Smith & Wesson’s small J-frame revolvers are among its most popular. They’ve been going strong for 70 years, starting with the introduction of the gun that would become the Chief’s Special back in 1950. Going back even further, one of S&W’s first firearm offerings, 1857’s Model Number One, was a small-framed wheel gun.
This traditional 5-shot .38 Special revolver with an exposed hammer was immensely popular and spawned several variants including the somewhat famous aluminum-framed Model 37. It retained the traditional lines of the Model 36 but was lighter in weight. Today, the Model 37 is no longer in production but its descendant, the Model 637, is alive and kicking.
The Model 637 has an alloy frame to keep weight down but the cylinder, crane, and barrel are all made of stainless steel. The 637 also bears some of the new Smith & Wesson features like the keylock above the cylinder release and the lack of a hammer-mounted firing pin.

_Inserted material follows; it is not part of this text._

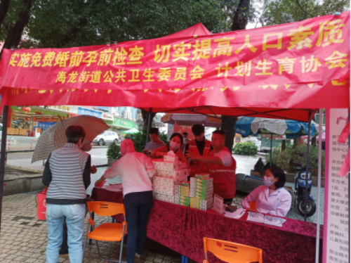 现场通过免费派发孕前及产前检查宣传册、专家义诊、测量血压、免费派发避孕药具、计生宣传品等形式,向广大群众普及国家公共卫生服务政策。荔湾区妇幼保健院、海龙街社区卫生服务中心科普宣传产前筛查对地中海贫血(简称地贫)的预防作用,让群众对地贫有更深入的认识。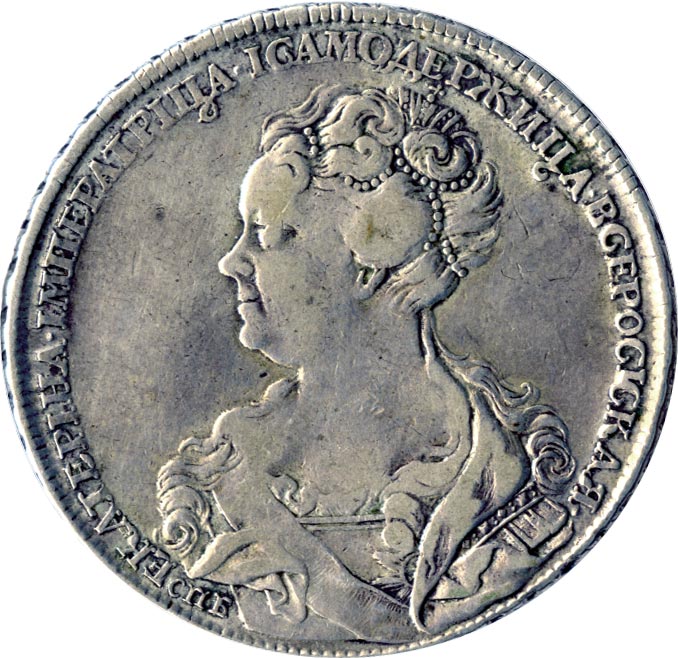 Гурт на монетах Кадашевского двора - «россискоi рубль ея i в (императорского величества) московского двора», гурт на петербургских монетах — узор или шнур. Легенда лицевой стороны - «Екатерина императрица и самодержица всероссийская», оборотной - «Монета новая цена рубль» и дата арабскими цифрами. Проба -729, нормативный вес — 28,44 грамма.

Fully loaded, the gun weighs 14.3-ounces and sports a 1.875-inch barrel. The 637 has a rubber boot-style grip instead of the original walnut grips that came on the M37. Although less sexy, the rubber dampens recoil, as the 637 is rated for +P ammunition. Further, there is no shortage of aftermarket grip replacements available.

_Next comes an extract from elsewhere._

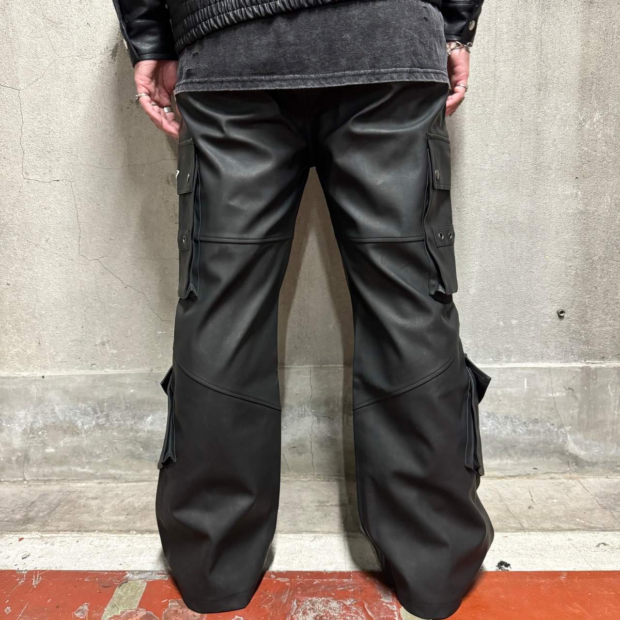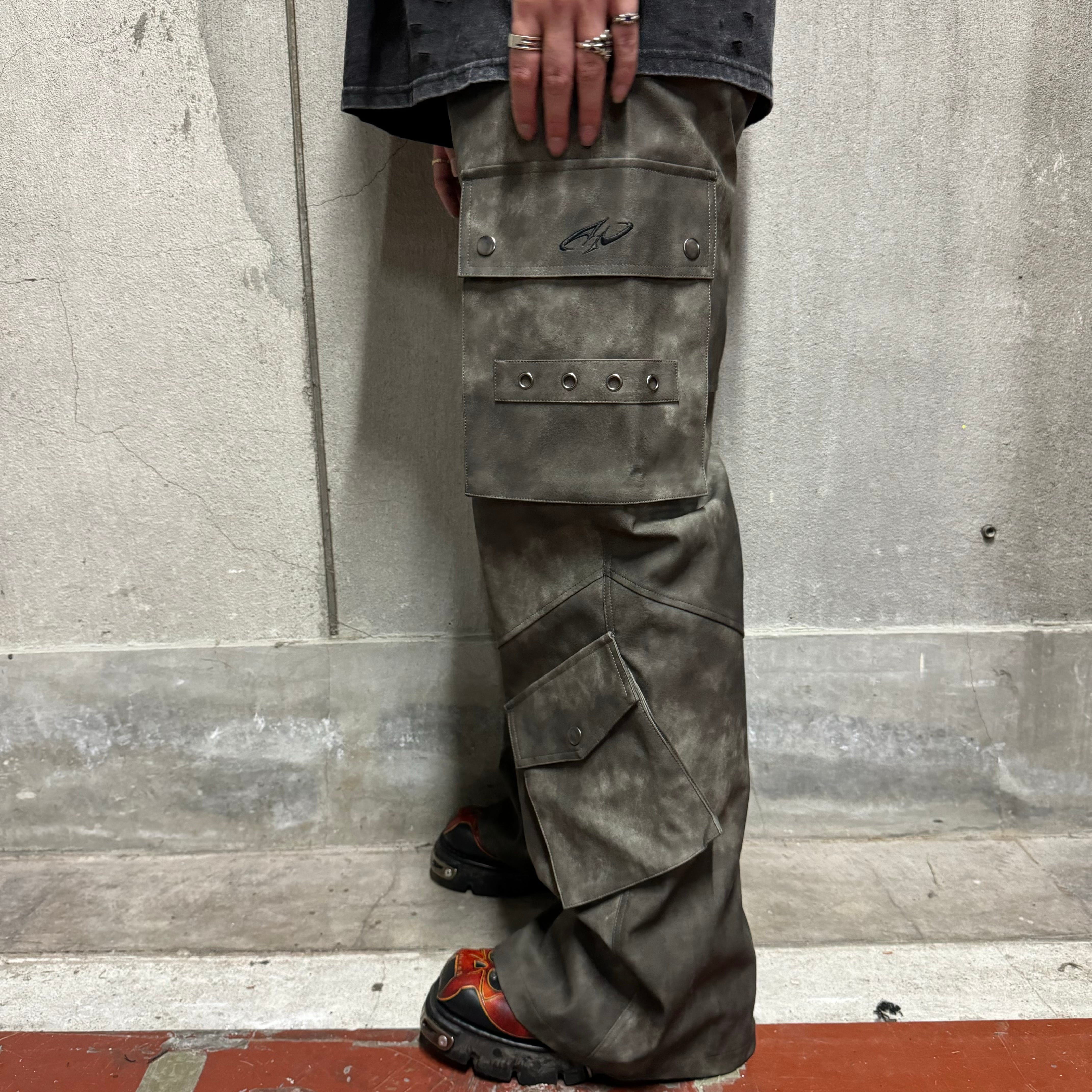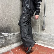 PUレザーのフレアカーゴパンツになります。

The small-framed S&W revolvers are considered to have one purpose and one purpose only – concealed carry. They’re lightweight and their curved appearance naturally blends with the curves of the body. Yet, they pack a real punch and are reliable. That’s why they still endear themselves to so many people.
The Smith & Wesson Model 637 has an MSRP of $477 which makes it an affordable and solid contender in the small revolver market.
The debate as to carrying a revolver with an exposed hammer is a whole other matter, one that often steers folks more towards picking up a shrouded-hammer DAO model such as the S&W 642. What are your thoughts?